When I was recovering from a knee replacement last year, a friend came to stay with me for a month. In preparation for something for us to do while I was stuck in bed, I went to the library and checked out DVDs of the TV adaptation of Ann Cleeves’s Vera Stanhope series starring Brenda Blethyn as Vera. We both fell in love with the character and proceeded to watch all 10 seasons. Since then, I’ve read every book in the Vera series and can’t wait for the next one.

Vera is a force unto herself. She’s a middle-aged, overweight woman with few people skills but with a passion, talent, and laser focus for solving crime. She has a big heart but rarely allows anyone in—although she privately considers her sergeant, Joe Ashworth, the son she never had. Vera’s troubled childhood has given her an empathy for many of the victims she encounters. Vera Stanhope is a wonderfully flawed but real character.

The Rising Tide (#10) finds Vera investigating a hanging on Holy Island, also known as Lindisfarne, off the north east coast of England. Fifty years ago a group of teenagers spent a retreat weekend on the island and, since then, hold a reunion every five years to celebrate their friendship. Hardly a year goes by that they don’t remember a friend who drowned in the rising tide in the causeway that connects the island to the mainland.

The dead man is Rick Kelsall, celebrity TV journalist, recently fired for suspected sexual abuse. Apparently unbothered by the charges, his ex-wife, still close to the victim, explains away the allegations, saying he should have stayed with her because she understood him. His lifelong friends tell Vera that Rick was obsessed with death and terrified of dying. As Vera and her team dive deep into the case, the investigation unearths secret connections. Is this homicide—and the one that follows—rooted in the past or did the ever-changing relationships among the friends lead to murder?

What Tina Thought

I love how Ann Cleeves handles the evolution of relationships in The Rising Tide. This is an emotionally complex tale with interesting, flawed characters.  

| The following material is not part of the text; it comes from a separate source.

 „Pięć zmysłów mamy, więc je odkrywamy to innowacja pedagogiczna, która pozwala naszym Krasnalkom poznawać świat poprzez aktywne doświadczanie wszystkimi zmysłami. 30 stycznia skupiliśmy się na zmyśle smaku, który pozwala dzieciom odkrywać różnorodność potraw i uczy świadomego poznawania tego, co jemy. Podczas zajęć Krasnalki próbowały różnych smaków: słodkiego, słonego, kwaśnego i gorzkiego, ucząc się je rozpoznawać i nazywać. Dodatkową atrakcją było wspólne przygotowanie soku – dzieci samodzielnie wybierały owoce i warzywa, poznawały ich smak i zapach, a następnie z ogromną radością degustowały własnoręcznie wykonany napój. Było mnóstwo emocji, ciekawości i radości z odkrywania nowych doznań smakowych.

I most enjoyed how this book focuses on an older group of friends, not the usual 30-somethings. Cleeves has already won me over with Vera Stanhope – a woman of a certain age who doesn’t care how she looks and relies on her wits. Vera feels real in a way that most protagonists in modern books, TV and film are not.

It is not quite a locked room mystery, but in many ways, it has a similar feel – the claustrophobia of being in close quarters while wondering if the murderer is a close friend sitting next to you at dinner.

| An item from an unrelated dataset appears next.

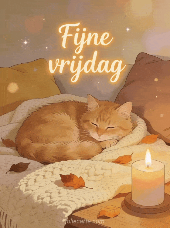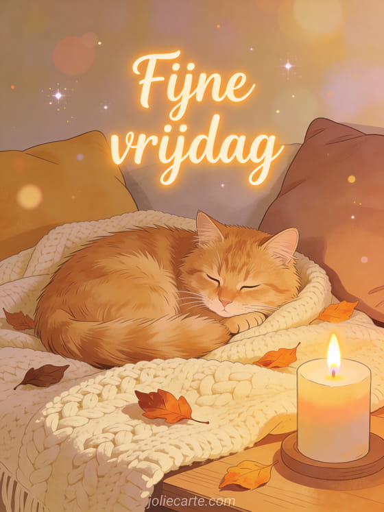 Deel een warme fijne vrijdag en fijn weekendgroet met een pluizige rode kat op een gebreide deken, herfstbladeren, kaarslicht en kussens. Ontdek ook een fijne vrijdag kusjes afbeelding, een fijne vrijdag kaart of een grappige fijne vrijdag humor gif.

 I found the story had a pleasant pace that allowed me to indulge in getting to know the characters. Despite being the tenth book in the series, it works beautifully as a stand-alone. Ann Cleeves has another fan.

What Lida Thought

This was my first Vera book and I was astonished at how well developed the characters were, and how I fell right into the plot without having to read the other books in the series. Descriptions were deft and I so enjoyed the way Cleeves skillfully unfolded details about Vera’s personality through the eyes of the other characters. 

The mystery is complex and the pacing moves at just the right speed to keep the reader intrigued. Every part of the story seems real, but there’s a tone of sadness throughout that made me unsure about reading more books in this series, despite the skill and clever plotting by the author.

What Jen Thought

Vera is a new detective to me and it was refreshing to meet a hero who breaks the traditional detective mode. Every novelist says her books stand alone and that’s certainly true with Cleeves’ The Rising Tide. I could tell there was a lot more at play in the police dynamics that I would learn about if I read the earlier books. 

This case centers on the suspects’ lives fifty years ago, and I’m always struck when reading mysteries like this, where the past seems to be the key to the present, how well the characters can recall conversations and incidents from so long ago. Ask me about my friends in high school and my memory is vague at best. Is it that there was no tragedy to cement that time in my head, or is my memory for detail weak?